Whilst I popped over to Switzerland for a quick break (just over a week), I had to obviously shut the windows and doors in my house. Normally, the mining rigs, all in the rear spare bedroom, get cool air from having the windows wide open. A bunch of standing fans shift the air around, and along with convection, cool air from outdoors comes in to cool the 3 kW heat dissipated from the GPUs.

I've got a webpage that constantly monitors the hash rate, results accepted / rejected, temperature and the last Phoenix result message - across all GPUs in all rigs - and could watch for any problems using the internet in my apartment. As expected, temperatures jumped *significantly* without outdoor air.

Due to the concern, a couple of days in, I logged in remotely and reduced the overclocks significantly, and at no point did any of the GPUs exceed 84˚C. I know this is high, and my *normal* setup keeps the cards below 75˚C. Only a couple of cards - 5830s - get that hot - the rest are usually 60-something.

However a few cards locked up after a few days, regardless of reducing the overclock and the temps never getting *stupidly* high.
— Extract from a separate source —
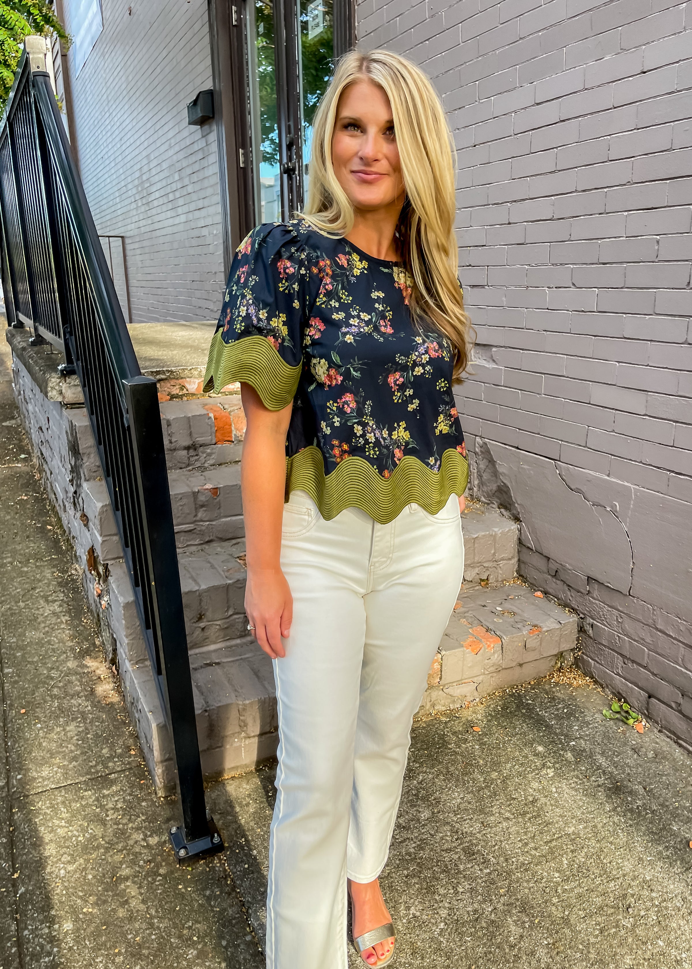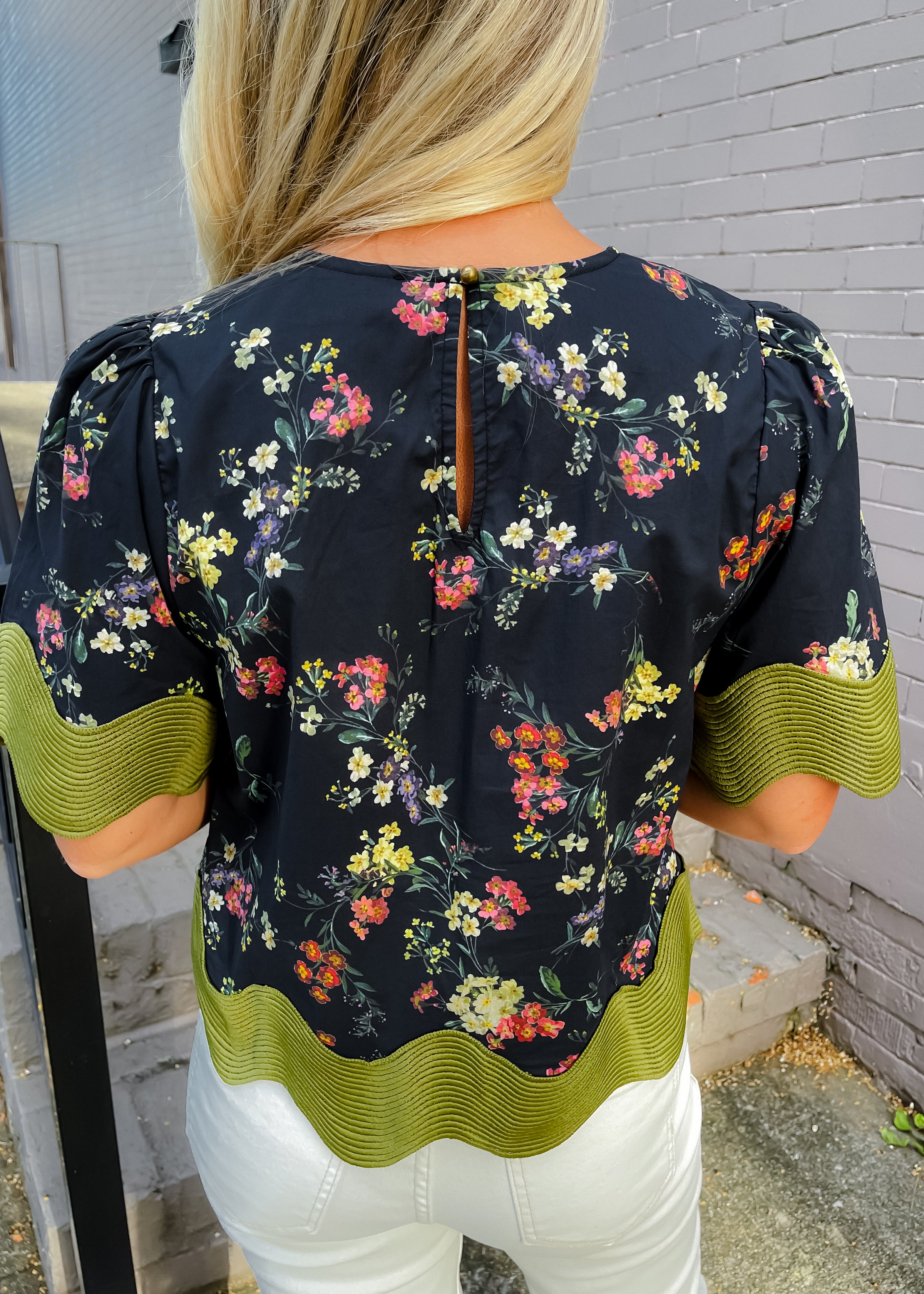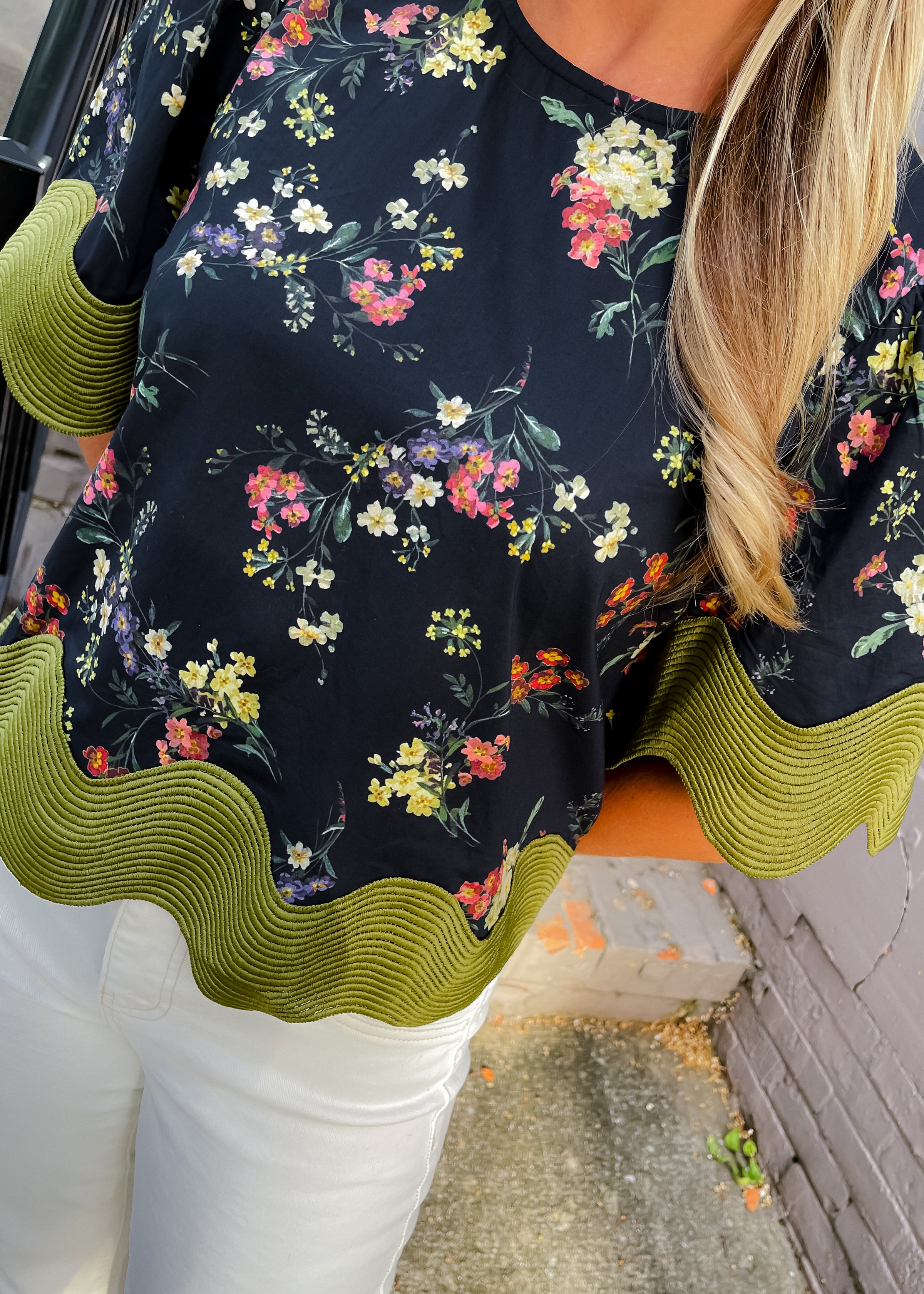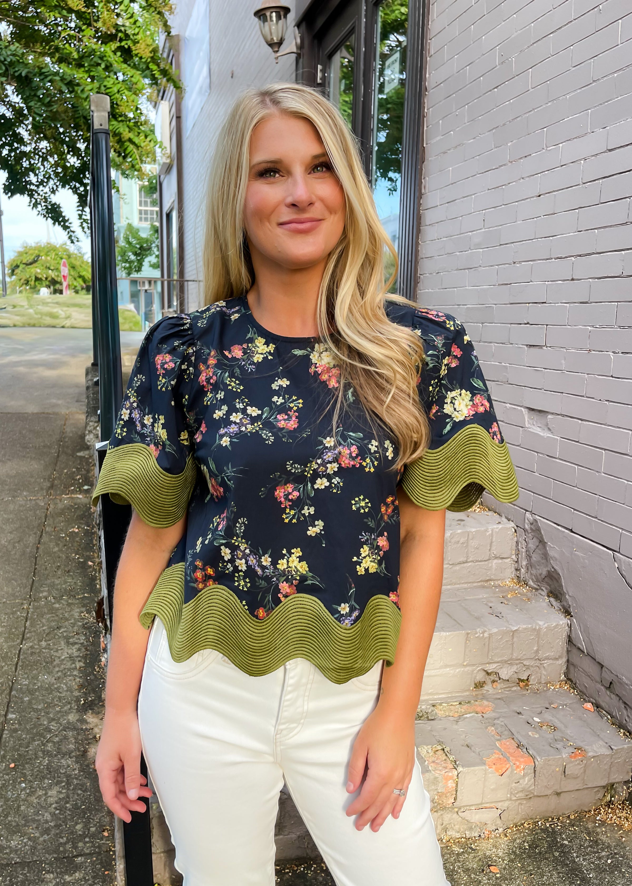 Elevate your wardrobe with the Call It What It Is Top, featuring a striking black base adorned with elegant Victorian-inspired florals. Its semi-cropped fit and softly puffed sleeves create a flattering silhouette, while the green swirly band accenting the sleeves and hem adds a unique, artistic touch. Perfect for making a bold statement, this top effortlessly blends classic charm with modern style.

When I returned, I expected I'd just be able to hard reboot the boxes and everything would be OK. This was not the case. After wasting a LOT of time diagnosing why two rigs wouldn't boot, I found that one 5850 (an XFX Black Edition), and one 5830 (a 'value' card from overclock.co.uk) were broken.

I haven't managed to get them to work in any other machine either - if they're plugged into the PCIe socket, then as soon as the OS probes the cards, everything hanging off the bus locks up. In particular, the onboard ethernet dies, which makes further diagnostics impossible (well, I pulled the USB flashdrive, mounted it in a working Linux box, and examined the logs - but there was nothing in syslog or dmesg before the lockup that indicated anything was wrong).
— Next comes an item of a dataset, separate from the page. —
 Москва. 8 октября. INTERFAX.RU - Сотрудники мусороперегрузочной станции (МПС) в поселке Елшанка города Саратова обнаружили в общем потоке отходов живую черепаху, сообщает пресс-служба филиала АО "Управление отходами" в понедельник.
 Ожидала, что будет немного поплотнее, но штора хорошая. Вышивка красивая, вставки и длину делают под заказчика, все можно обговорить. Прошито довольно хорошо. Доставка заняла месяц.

My question is - has anyone else experienced hardware failures like this? The accepted wisdom here seems to be that the Radeon 58xx GPUs can run up to 110˚C, at which point they thermally throttle to prevent damage. I've even seen comments like 'just keep it below 90 and they'll be OK'.

Yes, I overclock... but would this permanently break a GPU if the core temperature never exceeded 84˚C? In terms of 'that's core temp - the RAM may be hotter' - I underclock *every* card to 275 MHz memory clock. RAM should be fine, no?
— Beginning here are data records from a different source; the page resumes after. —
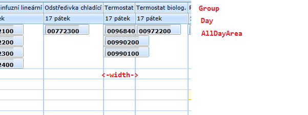 In column “Termostat” Appointment overlap next column. Width of column is done by text “Termostat”. It is done for horizontal and vertical orientation also. See image.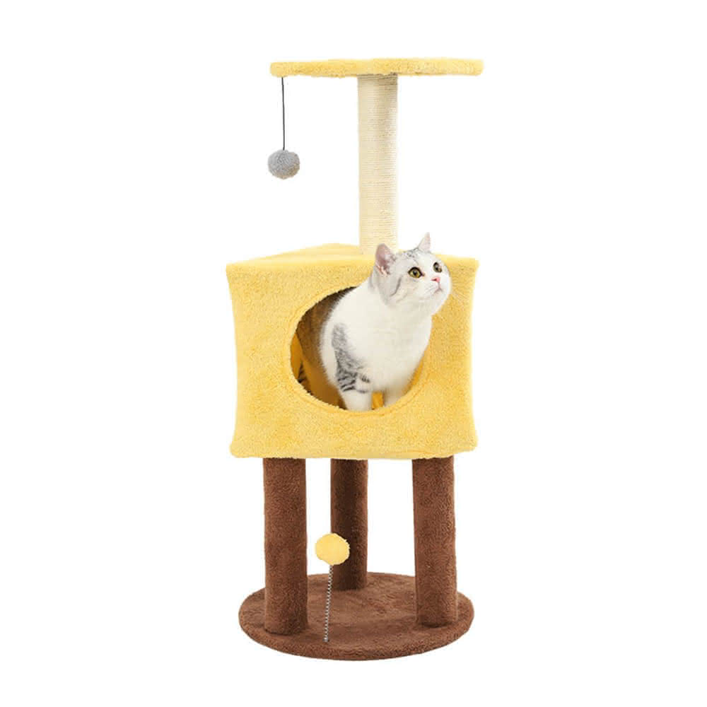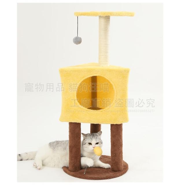 貓狗汪喵起司撞色三層貓跳台 貓樂園 絨球貓跳台 貓磨爪 貓別墅(貓跳台 貓玩具 貓爬架)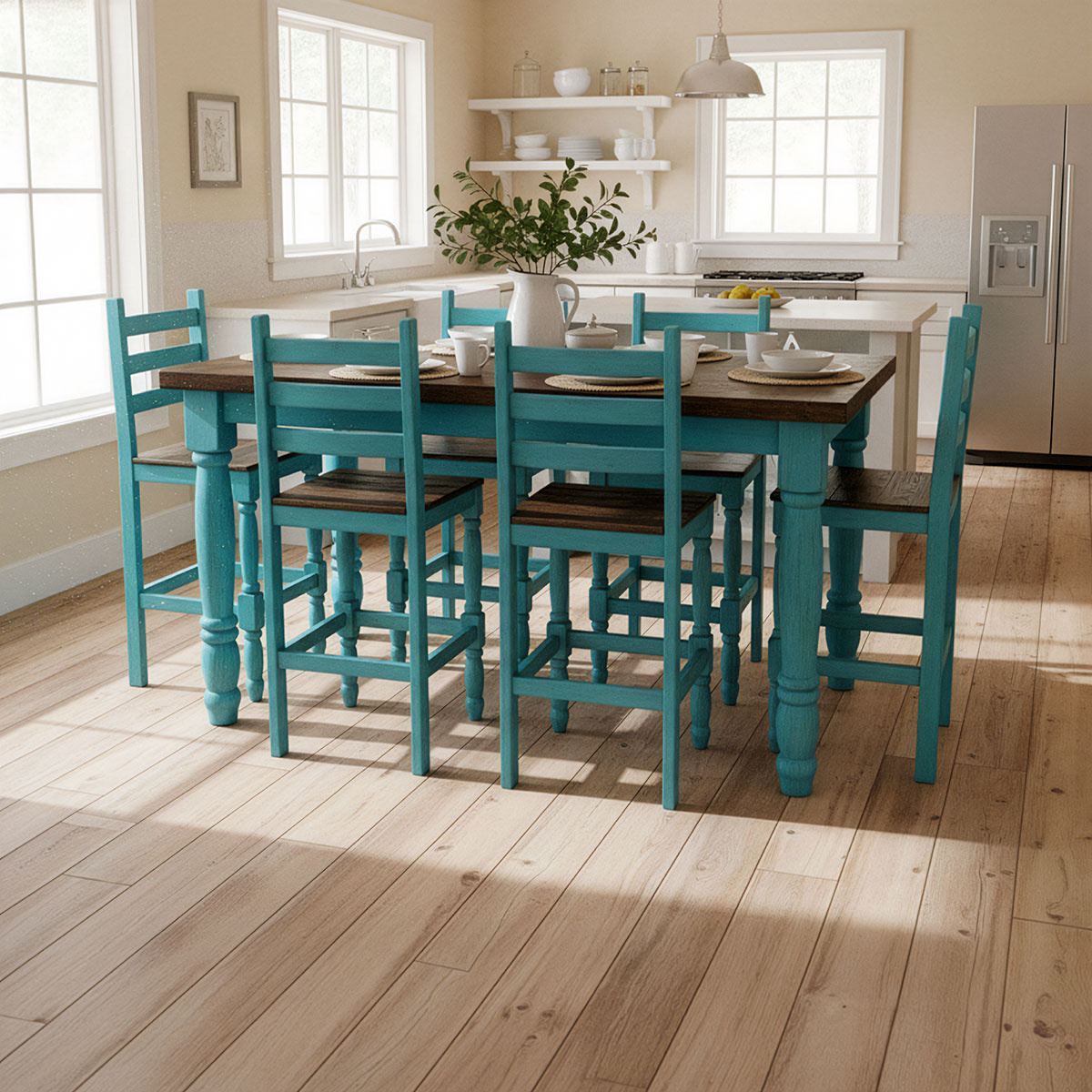 Bring vibrant Mexican charm to your home with this Turquoise Rustic Painted Wood Bistro Set with 6 Chairs. Handcrafted by skilled artisans in Mexico, this solid pine bistro set features a beautifully distressed turquoise painted finish that highlights the natural wood grain and adds a touch of rustic elegance. The rich brown-stained tabletop and chair seats contrast beautifully with the turquoise base, creating a striking two-tone look that embodies classic Mexican country style.

What other critical components on Radeon cards could overheat and fail even if the *core* temperature was well within safe limits?


Of course, it may just be bad luck, but if not, I'd like to ensure it doesn't happen again. I'm replacing the two dead cards with a couple of the 6xxx series as an experiment - all are 5xxx series at the moment Smiley

TIA, catfesh

...so I give in to the rhythm, the click click clack
I'm too wasted to fight back...


BTC: 1A7HvdGGDie3P5nDpiskG8JxXT33Yu6Gct
1481243113
Hero Member
*
Offline Offline

Posts: 1481243113

View Profile Personal Message (Offline)

Ignore
1481243113
Reply with quote  #2

1481243113
Report to moderator
1481243113
Hero Member
*
Offline Offline

Posts: 1481243113

View Profile Personal Message (Offline)

Ignore
1481243113
Reply with quote  #2

1481243113
Report to moderator
Advertised sites are not endorsed by the Bitcoin Forum. They may be unsafe, untrustworthy, or illegal in your jurisdiction. Advertise here.
ovidiusoft
Sr. Member
****
Offline Offline

Activity: 252


View Profile
September 11, 2011, 05:14:17 PM
 #2

Overheated PSUs or even motherboards could do that to your cards. I would suspect the PSUs. If the card temps were under 85 deg. they should have been ok. As you said, a lot of people run them at 100 deg or even more.
Dargo
Legendary
*
Offline Offline

Activity: 1554



View Profile
September 11, 2011, 06:01:31 PM
 #3

Did you monitor your VRM temps as well? Unless you are overvolting, I wouldn't think this is the problem. Maybe just bad luck with those cards, but if so it is strange that more than one died.
catfish
Sr. Member
****
Offline Offline

Activity: 270


teh giant catfesh


View Profile
September 11, 2011, 06:52:49 PM
 #4

Could be PSUs. The rig that didn't kill any cards had my best PSU - the 1000W Coolermaster unit.

That said, the other rig (containing two logic boards and two PSUs - one card from each was killed) had a Corsair 800W and a Coolermaster 600W unit.

The 800W ran two 5850s, one 5830 and a 5770. The 600W ran two 5830s. Fag packet calcs suggest the PSUs had enough headroom - if anything, the 1000W unit in the single-board rig is closer to its limits (two 5850s, two 5830s and a 5770).

However, the entire first floor of my house felt like a sauna when I returned. Ambient temperatures were probably well above 40˚C Smiley

Now the cards and CPUs may be able to take high temperatures, but if PSUs crap out when they have *really* hot air to use, then that could explain it... but PSUs live *inside* PC cases too, and the air in there is usually hotter than ambient. These PSUs were in open frame rigs...

Also - how do you monitor VRM temperatures, short of standing next to the card with an IR laser-pointer thermometer and picking off temps at various locations? The standard aticonfig output doesn't give VRM temps.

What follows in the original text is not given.